Pre-Conference Workshops

Two consecutive pre-conference workshops will be held on Thursday, September 12th. Cost of participation in the workshops is $30. Seats are limited.

 

Recent years have seen large language models (LLMs) effectively applied in various contexts, but their potential for fine-grained linguistic analysis remains under-explored. This pre-conference workshop focuses on leveraging LLMs for corpus linguistics, particularly in the domain of linguistic annotations and the use of specialized tools for detailed lexicogrammatical analysis. This workshop aims for researchers who are interested in training LLMs using supervised learning methods based on the linguistic annotations, conducting reliability evaluations, and applying these models to large-scale data analysis.

Session Details

Morning Session (9:00 AM - 11:30 AM): Led by Hakyung Sung and Kristopher Kyle, this session will focus on the construction of high-quality manually annotated datasets. Participants will learn how to organize data formats, handle complex annotation instances, adjudicate difficult cases, evaluate annotator reliability, and document processes for systematic annotation records. The session will include hands-on activities involving features of lexicogrammatical complexity (e.g., Biber et al., 2021) to provide practical experience in annotation. Additionally, it will cover how these annotated datasets can be used for further training and evaluation of language models. 

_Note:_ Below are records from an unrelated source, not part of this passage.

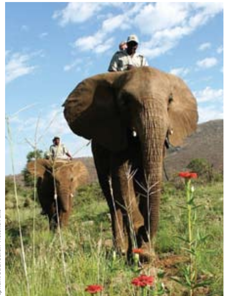
Elephant Back Safari Victoria Falls
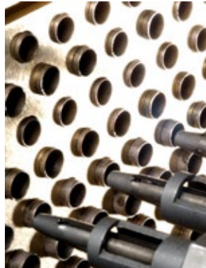
Recoiling of a closed circuit cooler is one of the most effective and easiest ways to get your heat exchanger running smoothly again.

Closed circuit coolers often come into contact with substances, such as oil, salts and condensates, which can corrode or erode the fins, coatings and tubes. Pollutants can also enter open water cooling circuits, leading to an accumulation of deposits that can block the tubes and cause leaks from the joints and seals. Kelvion will recoil the coolers with new inserts, using the latest modifications and materials, to allow optimum efficiency and reliability.
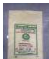
PP With Liner Bags
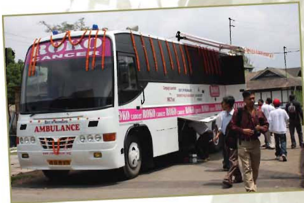
The Cancer Detection Mobile Bus in Shillong
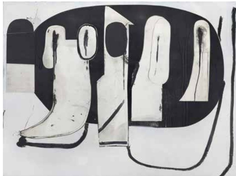
RIGHT: Hiroyuki Hamada Untitled Painting 002 , 2014 Acrylic, charcoal, enamel, graphite and oil on paper on panel 30" × 40"
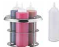
Option: Squeeze Bottle Inset Kit 86819; Single Bottle 86809

Critical to Proper Operation | Water-Bath Spacer 82063 (included)
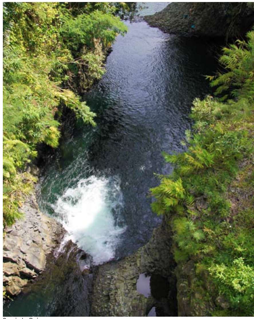
Bassin la Paix
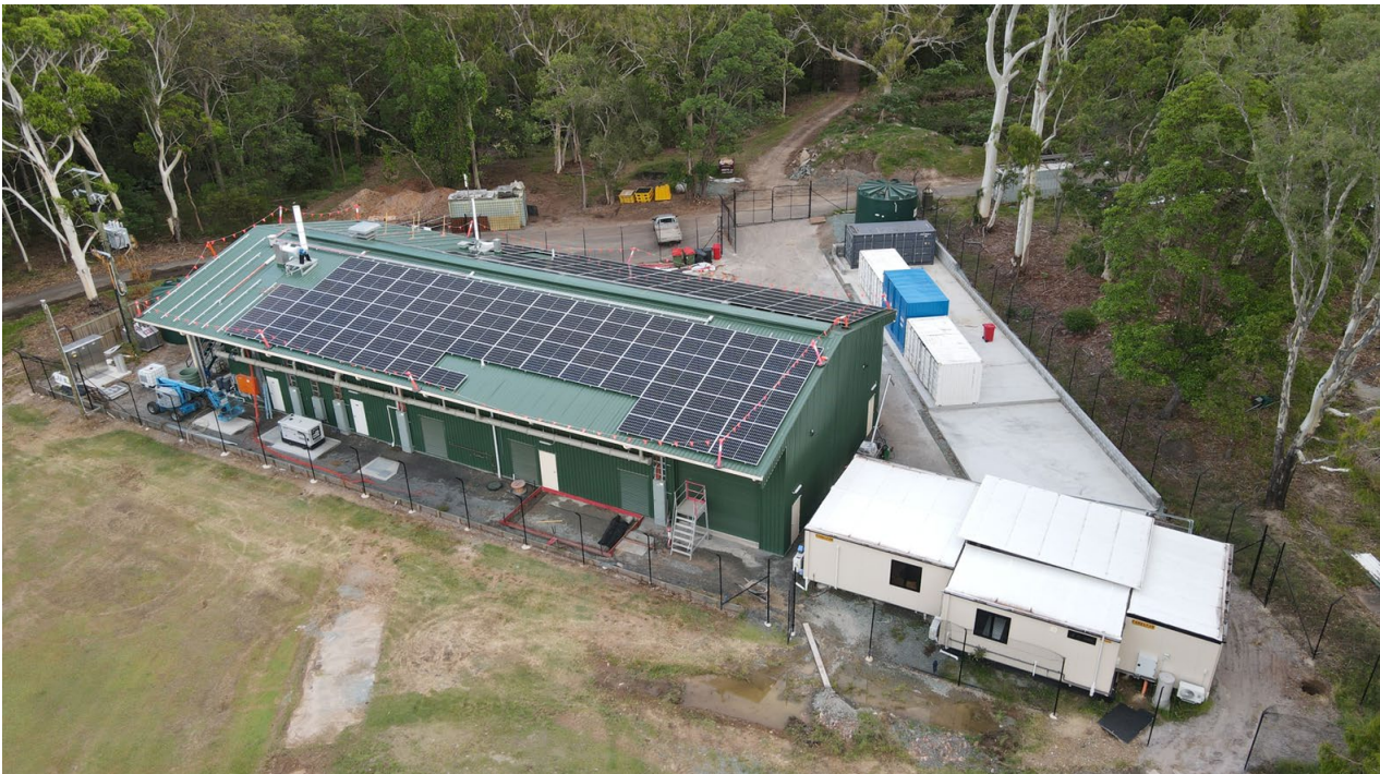
Figure: Lava Blue Centre for Predictive Research into Speciality Materials (location of demonstration plant)

During the quarter, work continued on the construction of the HPA demonstration plant by Lava Blue, located at its Centre for Predictive Research into Speciality Materials. Unfortunately there has been some delays in finalisation of this plant and commissioning and operation is now targeted for late Q1 and into Q2 of the 2023 calendar year.
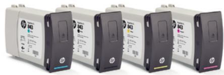
8 HP PageWide XL ink cartridges (2 x 400-ml per color with auto-switch)
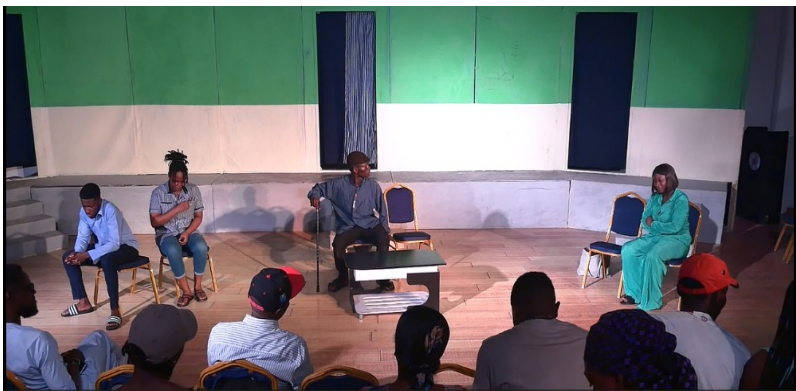
Plate 3: The Emotionally Charged Final Scene of Conflict Resolution in Grit
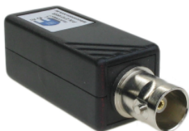
Video Balun BNC Female to RJ45 Slim Part Number: E10185R
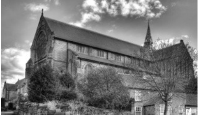
St. Patrick at Felling
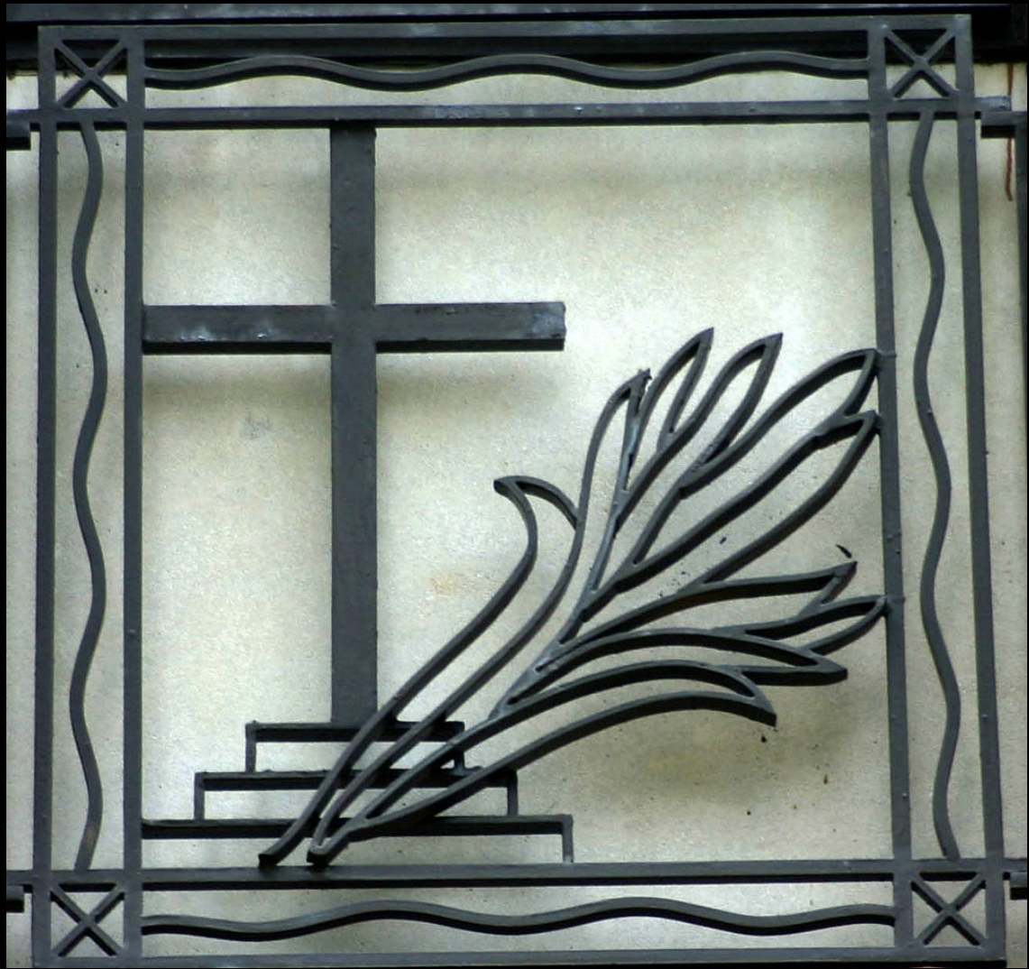
Cross with Wheat

Benton Chapel Vanderbilt Divinity School Nashville, TN

Afternoon Session (1:00PM - 4:00PM): Led by Kristopher Kyle, Jesse Egbert, Doug Biber, and Randi Reppen this segment will introduce the LxGrTagger, an open source linguistic analysis tool that provides automatic annotation of lexical and lexicogrammatical features from the Biber Tagger (Biber, 1988; Biber et al., 2021). The hands-on session will focus on using LxGrTagger to annotate corpora, fix-tagging problematic features, generating numeric feature counts with fix-tagged texts, and conducting a key-features analysis (Egbert & Biber, 2023).

Technical Requirements

Attendees should bring their laptops to the workshop. For the first session, we will use spreadsheet software (e.g., Google Sheets). For the second session, we will use the Python version of LxGrTagger, which has a simple interface. We will also provide annotated text files in case participants encounter technical difficulties and/or are not familiar with Python.